DH and I were lamenting just the other night about how we sold our old Pong game years ago at a garage sale (or gave it away to someone who would take it away).

(Talk about boring today's kids if they saw that!)
 
Here's the "law of unintended consequences" as it pertains to my house, and many of my friend's houses. We are TIRED of technology. My kids have forgotten how to play, how to interact. They have Wii, TV, internet, vizio tablets, laptops, DS, I'm so sick of all of it. When we tell them that they can't play any screens, they've used up all their screen time for the day, etc, they panic. What are we supposed to do with ourselves?? I have friends that are "unplugged". I'm so ready to go that route. I'm ready to invoke a black out in our house. Let's go outside and play. Call a friend on the phone. Write a letter for goodness sakes! As much as I appreciate texting, I am also getting weary of being instantly accessible 24/7. Text me, e-mail me, call me, if you can't reach me on my home phone call my cell, if you can't reach me via voice on my cell text me, or send me an e-mail, enough already!! :crash: :crash: :crash: :crash:
 
Ah, Steve - you're just a youngin! Dont'cha remember front panel switches?

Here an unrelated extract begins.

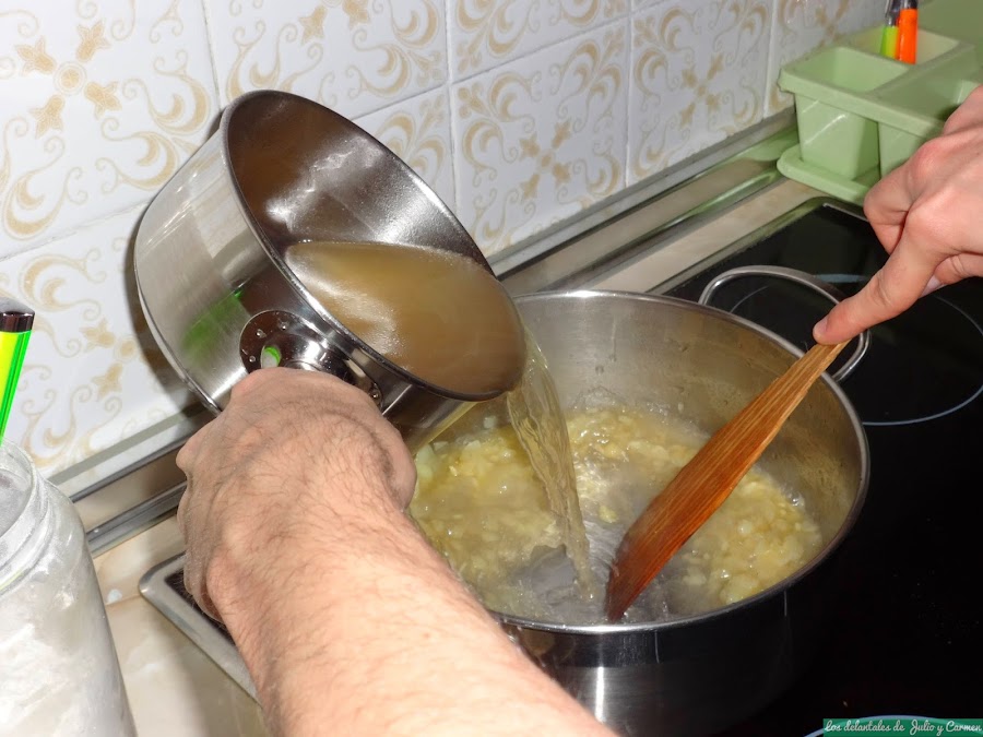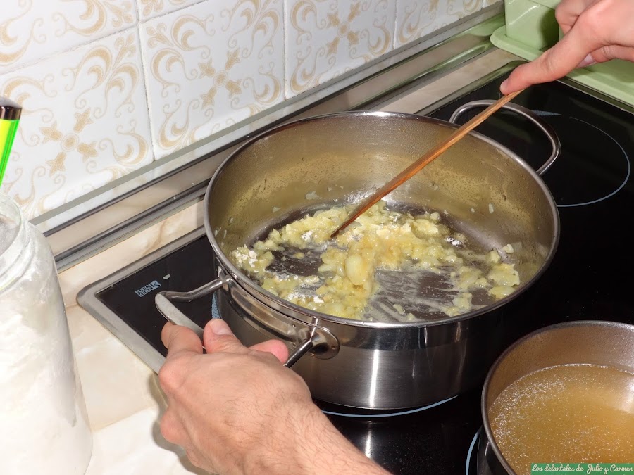 Cuando veamos que la cebolla y el ajo están doraditos, echaremos la cucharada de harina y removeremos para que se tueste un poco.

Who needs a keyboard when you can spend a few hours flipping switches a few (thousand) times?

Before computers I used a set of Funk & Wagnalls and the National Geographic magazines.
 
what going on here.. this was started to highlight the website that went dark yesterday in protest of the SOPA..

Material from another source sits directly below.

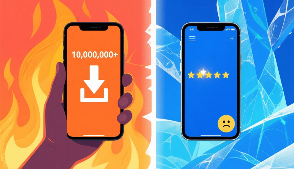 打开海外应用商店,一个有趣的现象随处可见。许多AI应用坐拥百万甚至千万级下载量,评分却常常在及格线边缘挣扎。我们分析的具体应用数据清晰地揭示了这一悖论。

now it's turned into the atari 400-800 forum... :D funny how that happens on tug.. all you old times get on and start talking about the good old days and tape drives and basic programing, and 8088 processor, and the .... oh crap i am one of you... :wave:

I prefer the Z80. Dual registers are the wave of the future!!!
 
Here's the "law of unintended consequences" as it pertains to my house, and many of my friend's houses. We are TIRED of technology. My kids have forgotten how to play, how to interact. They have Wii, TV, internet, vizio tablets, laptops, DS, I'm so sick of all of it. When we tell them that they can't play any screens, they've used up all their screen time for the day, etc, they panic. What are we supposed to do with ourselves?? I have friends that are "unplugged". I'm so ready to go that route. I'm ready to invoke a black out in our house. Let's go outside and play. Call a friend on the phone. Write a letter for goodness sakes! As much as I appreciate texting, I am also getting weary of being instantly accessible 24/7. Text me, e-mail me, call me, if you can't reach me on my home phone call my cell, if you can't reach me via voice on my cell text me, or send me an e-mail, enough already!! :crash: :crash: :crash: :crash:

I''m with you Laura, but I am addicted to my internet. I put a moratorium on on-line, computers, etc. for one day and everybody did fine but I HAD to check my e-mail. Right! I'm so lame.